[ad_1]
CCR, ortalarında “Al-Haq” ve “Defense for Children International” üzere sivil toplum kuruluşlarının da bulunduğu çok sayıda Filistinli küme ismine şikayette bulundu.
Şikayet dilekçesinde, “Bu dava, Filistinliler ismine, dünyadaki en temel ve değerli yasal ve ahlaki yükümlülüğü yani bir halkın yok edilmesi manasına gelen soykırımı tedbire yükümlülüğünün yerine getirilmesi için açılmıştır.” tabiri kullanıldı.
Gazze’de devam eden “soykırımın” şu ana kadar davalılar Biden, Dışişleri Bakanı Antony Blinken ve Savunma Bakanı Lloyd Austin tarafından İsrail’e verilen “koşulsuz destek” sayesinde mümkün olduğu savunulan dilekçede, İsrail’in “en yakın müttefiki ve en fazla askeri takviye sağlayıcısı” ABD’nin, şu anda Gazze halkına karşı “soykırım hareketleri yürüten İsrailli yetkililer üzerinde caydırıcı tesir yaratmak için mevcut araçlara sahip olduğu” kaydedildi.

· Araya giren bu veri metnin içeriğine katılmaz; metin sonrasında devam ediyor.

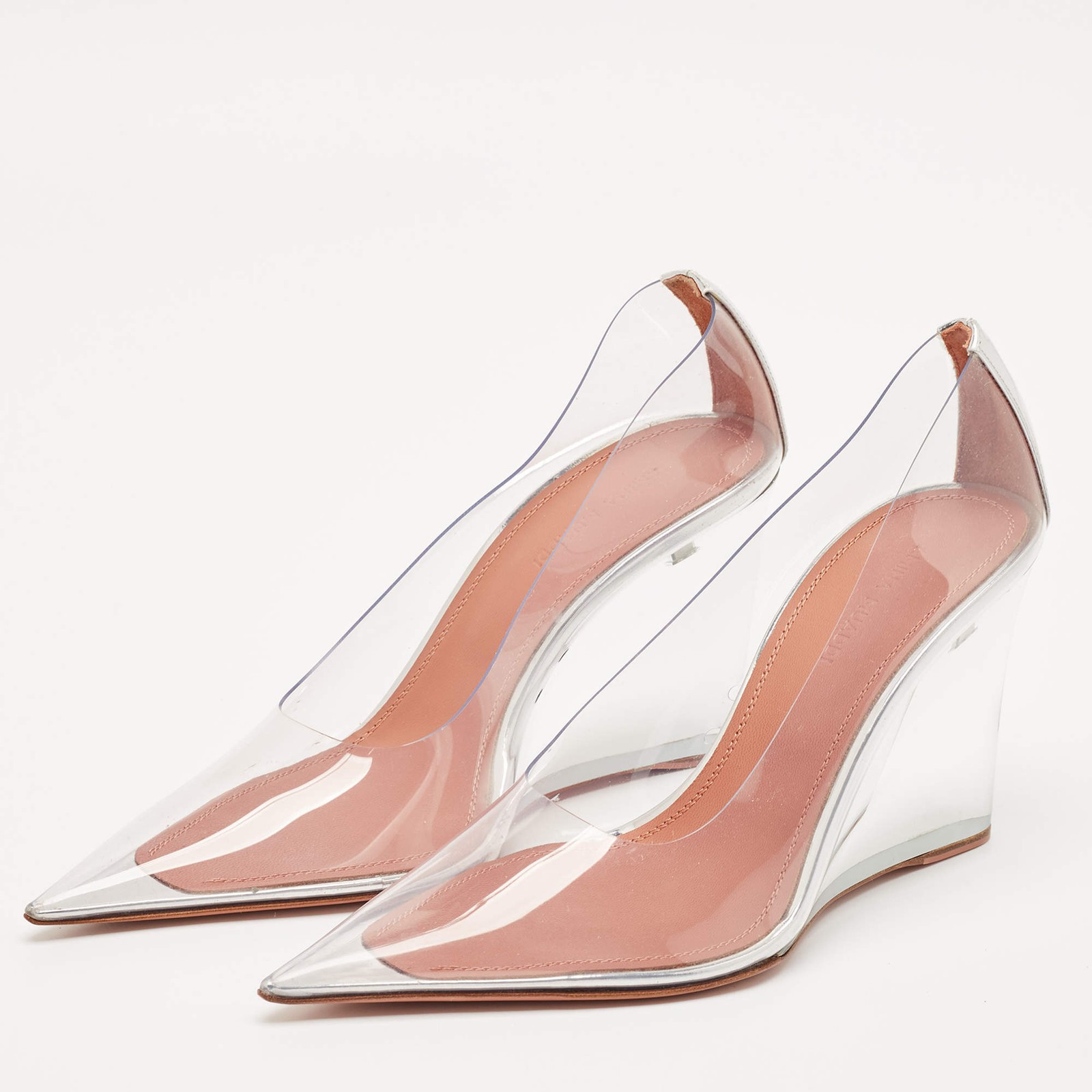 Our eBay Store About Us Contact Us Add to Favorite Sellers Amina Muaddi Transparent PVC Ane Wedge Pumps Size 37 Step into sophistication with these stunning wedge pumps, combining leather's elegance with modern PVC's allure. Crafted in Italy, these shoes' transparent design offers a chic and unique twist, letting your style shine through effortlessly. Product Details Brand Amina Muaddi Color Transparent Includes Original Box Outsole Length 25 cm Outsole Width 8 cm Size 37 Certified by The Luxury Closet This item has gone through a detailed authentication process overseen by our experts. We offer a lifetime guarantee of authenticity on all our items. How We Check The in-house team of experts at The Luxury Closet is highly trained to verify the authenticity and the condition of the luxury products. They ensure that only 100% authentic items are put on sale.The evaluation process is unique with its own mix of assessment criteria and differs according to the category. Each item is evaluated based on the following combination of hallmarks, hardware, stitching, symmetry, material, craftsmanship, stamping, codes, hologram stickers, and packaging. Our authenticators also check if the items have been modified or amended (e.g., aftermarket diamonds, replaced batteries, repaired bags, etc.) International Buyers Import duties, taxes and charges are not included in the item price. These charges are the buyers responsibility. Please check with your country’s customs office to determine what these additional cost will be prior to buying.
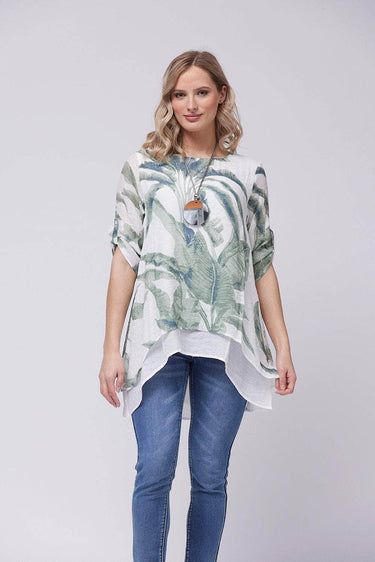 An A-line top constructed of a double-layer linen look fabric with a loose, relaxed fit. It features 3/4 length button tab sleeves and comes with a matching stylish necklace. This design offers plenty of breathability and a lightweight feel to keep you comfortable all day long. The versatile ensemble is sure to be a favourite addition to your wardrobe.

Dilekçede ayrıyeten Biden ve idaresi, “sarsıcı sivil kayıplara” karşın ateşkes ya da İsrail’in ABD’nin askeri yardımını kullanmasına sınırlama getirilmesi davetlerini reddetmekle suçlandı.
“Hiçbir kırmızı çizgi koymadılar”
CCR’nin davayı açan avukatlarından Katherine Gallagher, yaptığı açıklamada, “Son 5 haftadır, Lider Biden ve bakanlar Blinken ile Austin, Gazze halkını yok etme niyetini açıkça belirten İsrail hükümetiyle yan yana durdu. Mahalleler, hastaneler ve yerinden edilmiş insanların sığınakları bombalanırken ve 2,2 milyondan fazla insan tam kuşatmaya maruz kalırken, İsrail’in soykırım kampanyasına hem askeri hem de siyasi dayanak sağlamaya devam ettiler ve hiçbir kırmızı çizgi koymadılar.” sözlerini kullandı.
Gallagher, ABD’nin “soykırımı” sürdürmek yerine bunu önlemek üzere açık ve bağlayıcı bir yükümlülüğü bulunduğunu fakat bu dehşeti sona erdirmek için yasal ve ahlaki misyonlarını yerine getirmekte başarısız olduğunu vurguladı.